Did you hear Bachmann’s latest lie? She said, and I quote, “I’m so conservative mine don’t stink.” Everyone knows that this is patently false, Politifact even checked the stall at the Iowa debates and found she stinks like all politicians.

Did you hear Bachmann’s latest lie? She said, and I quote, “I’m so conservative mine don’t stink.” Everyone knows that this is patently false, Politifact even checked the stall at the Iowa debates and found she stinks like all politicians.

I started to be turned off Bachmann when she demanded a chairmanship in the House even though she had no seniority. She raised such a big stink about it that I was embarassed for her. Isn’t she just in her second term? She based this demand on her tea party “connections”. Which were nebulous at best. However, after she allowed Ed Rollins to trash Sarah Palin those “connections” are now zilch I would imagine. Look at it this way, she is now trashing the tea party movement by claiming they can be bought. It could be that she thinks everyone is like her and can be bought. This woman has an enormous ego which is why she is still in the race. She hopes, like some of the others, to get a cabinet post or the VP slot. Goodness knows she is unwilling to work her way up in the ranks so as to deserve any of it. I have never seen such a blatasnt opportulnist and I have seen a lot of them.

I’m still waiting for the money. Meanwhile, “darling” Nikki has gone and sold out the TEA party that put her in the SC State House, and is getting squishy with the “occupy” folks trashing the State House grounds. Sorry Nikki, but it looks like you are as much of a fraud as David Beasley was.
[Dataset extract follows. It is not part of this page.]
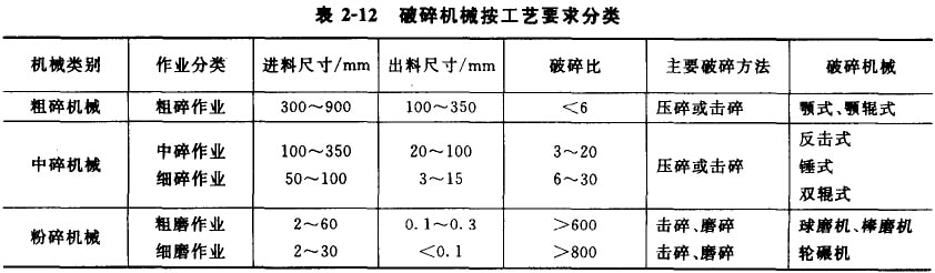 按照工藝要求,破碎機械的分類見表2-12。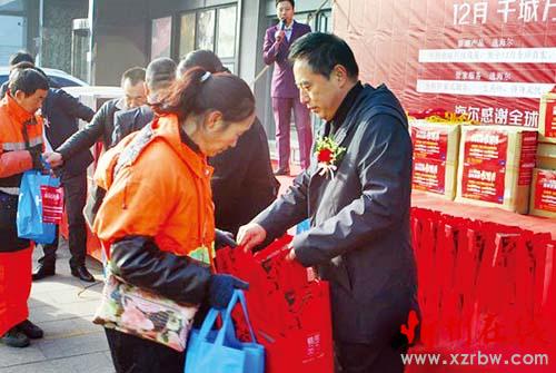 本報(bào)訊12月9日,我市環(huán)衛(wèi)工人領(lǐng)到海爾專(zhuān)賣(mài)店贈(zèng)送的冬季防寒用品。隨著較強(qiáng)冷空氣帶來(lái)的降溫,忻州城區(qū)氣溫急轉(zhuǎn)直下。當(dāng)天上午,忻州海爾專(zhuān)賣(mài)店為現(xiàn)場(chǎng)50余名環(huán)衛(wèi)工人代表發(fā)放了“ 防寒禮包”,給冬日里工作在一線(xiàn)的“馬路天使”們送來(lái)了一份溫暖。同時(shí),還將一個(gè)大蛋糕分送給環(huán)衛(wèi)工人,為他們送上了特別的關(guān)懷。

If Newt goes to the SC Tea Party to recruit people to work on his campaign, and pays them to work on his campaign, is that a payoff? (The commenter in that linked thread is also the author of that post. )

Isn’t it just smart to embrace what Romney and the GOP have kicked to the curb, find a self-organized PAC already in place and hire the hard-working true-believers to work for him? That’s not a payoff, that’s a business decision.

The Charleston Tea Party group is as diverse as any given community of political aspirants and everyday citizens. One of them happens to like Newt and works for him. It’s a free country.

[…] the country, that money is changing hands” — candidates paying for Tea Party support. Professor William Jacobson at Legal Insurrection says:You know I have a big problem with Michele Bachmann making statements which are not supported […]

Joan Of Argghh | December 17, 2011 at 1:07 pm

Bachmann’s love fest interview with Glenn Beck smacked of a political collusion that is a pretty sound strategy for Bachmann. Whether it is a winning strategy remains to be seen. But the enemy of her rival is her friend.

My take is that Glenn Beck is behind every bit of it. If he can strip the Tea Party before the primaries, then his man Mitt can waltz in and take the prize. Oh, I know he doesn’t publicly support Mittens, but if Mitt was your guy, would you do anything different than Beck is doing?

I live for the moment when Beck bolts the door on his Apocalypse Bunker from the inside, at which point we’d do well to weld it shut from the outside.